February 4, 2019 by Rafael Motamayor 0 Comments

The Lodge, 2019.

Directed by Severin Fiala and Veronika Franz.
Starring Riley Keough, Richard Armitage, Jaeden Lieberher, Alicia Silverstone, Lia McHugh, and Danny Keough.

SYNOPSIS:

The Lodge tells the psychologically chilling tale of a woman (Riley Keough) and her new stepchildren isolated in the family’s remote winter cabin, locked away to dredge up the mysteries of her dark past and the losses that seem to haunt them all.

You know you’re in for a wild ride when a film opens with a literal gunshot to the head. If you thought directors Severin Fiala and Veronika Franz are not messing around with their follow up to Goodnight Mommy. Taking cues from classic films ranging from Rebecca, to The Thing and a little The Shining sprinkled around, The Lodge is posed to be 2019’s first horror sensation.

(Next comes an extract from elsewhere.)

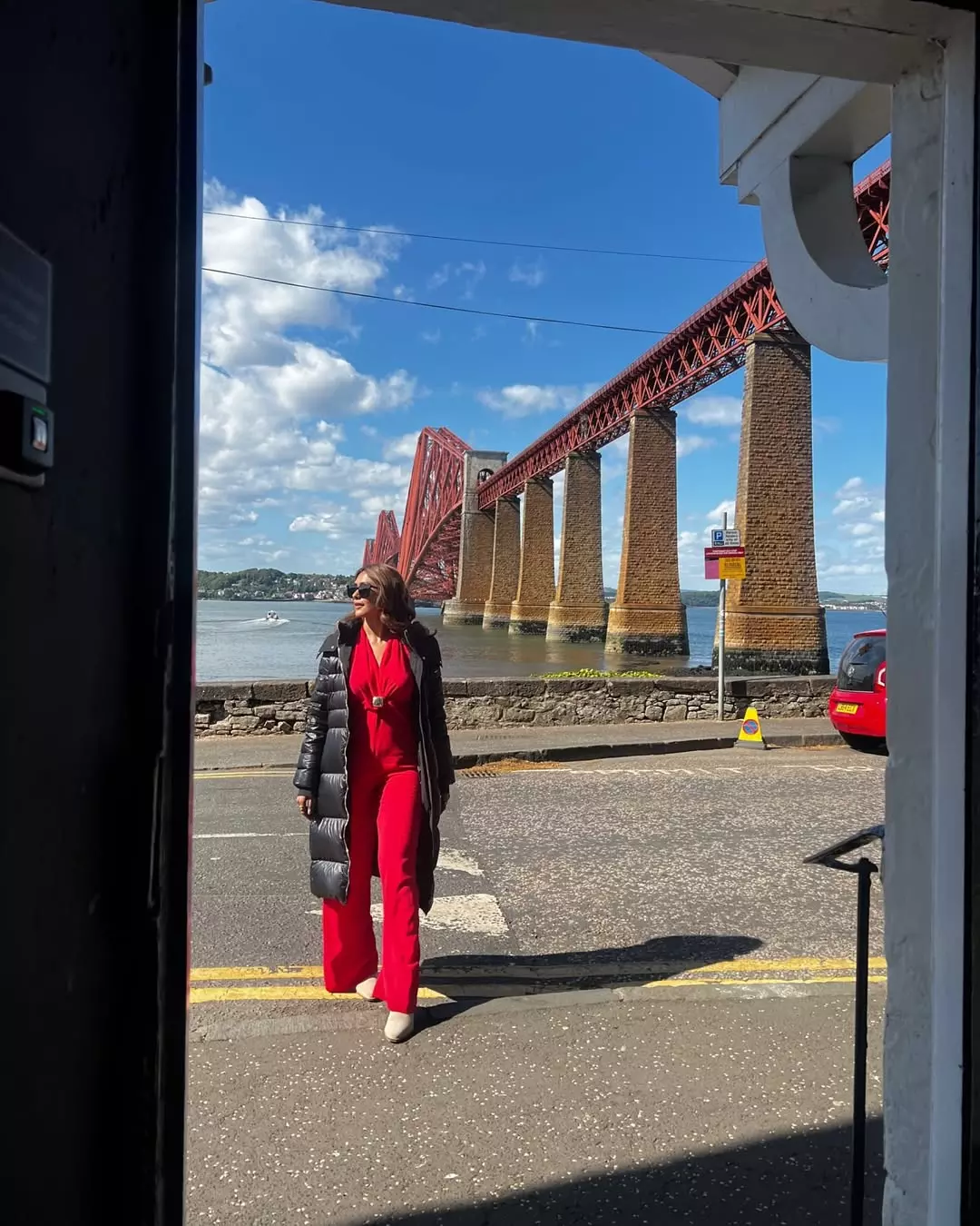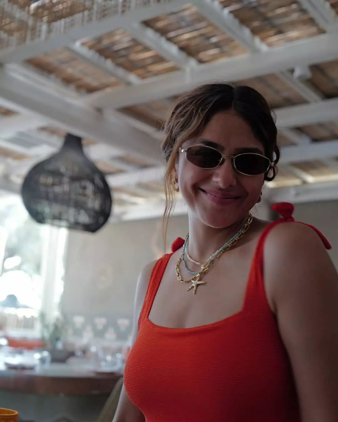 Mrunal Thakur shared a new photo on Instagram. She is seen in a bright red dress with a black coat. She stands near the iconic bridge with a smile on her face. The background shows blue skies and calm waters. Her caption read, “What’s not to love🥺.”

After their mom (Alicia Silverstone) kills herself, Aidan (Jaeden Lieberher) and Mia (Lia McHugh) are sent to live with their father (Richard Armitage). To make matters worse, father wants them all to spend Christmas together with his new, younger girlfriend Grace (Riley Keough), whom he plans to marry.

Of course, there is great animosity between the children and Grace, and the fact that they get trapped in a lodge because of a snowstorm while father is away certainly doesn’t help. There is something wrong about Grace, who is the sole survivor of a religious death cult ran by her father (Keough’s actual father, Danny Keough). She seems perfectly normal and kind on the outside, but small things set her off, adding to a sense of dread that surrounds the entire film. Then things start happening in the lodge, and the camera lingers on Mia’s creepy-looking doll who she talks to. It doesn’t help that there are pictures of Mia and Aiden’s mom all over the place, as well as lots of Catholic iconography decorating the cabin, which unnerves Grace.

Lieberher and McHugh are outstanding as the kids, and Lieberher specially takes what he learned in It and uses it to great effect in The Lodge. The kids go from adorable to Damien from The Omen every 5 seconds. Indeed, about half of the notes I took during my screening where “Is X person evil?” and “Wait, is Y person really evil?” Fiala and Franz keep you guessing who is really at fault, or if it’s all just in Grace’s imagination.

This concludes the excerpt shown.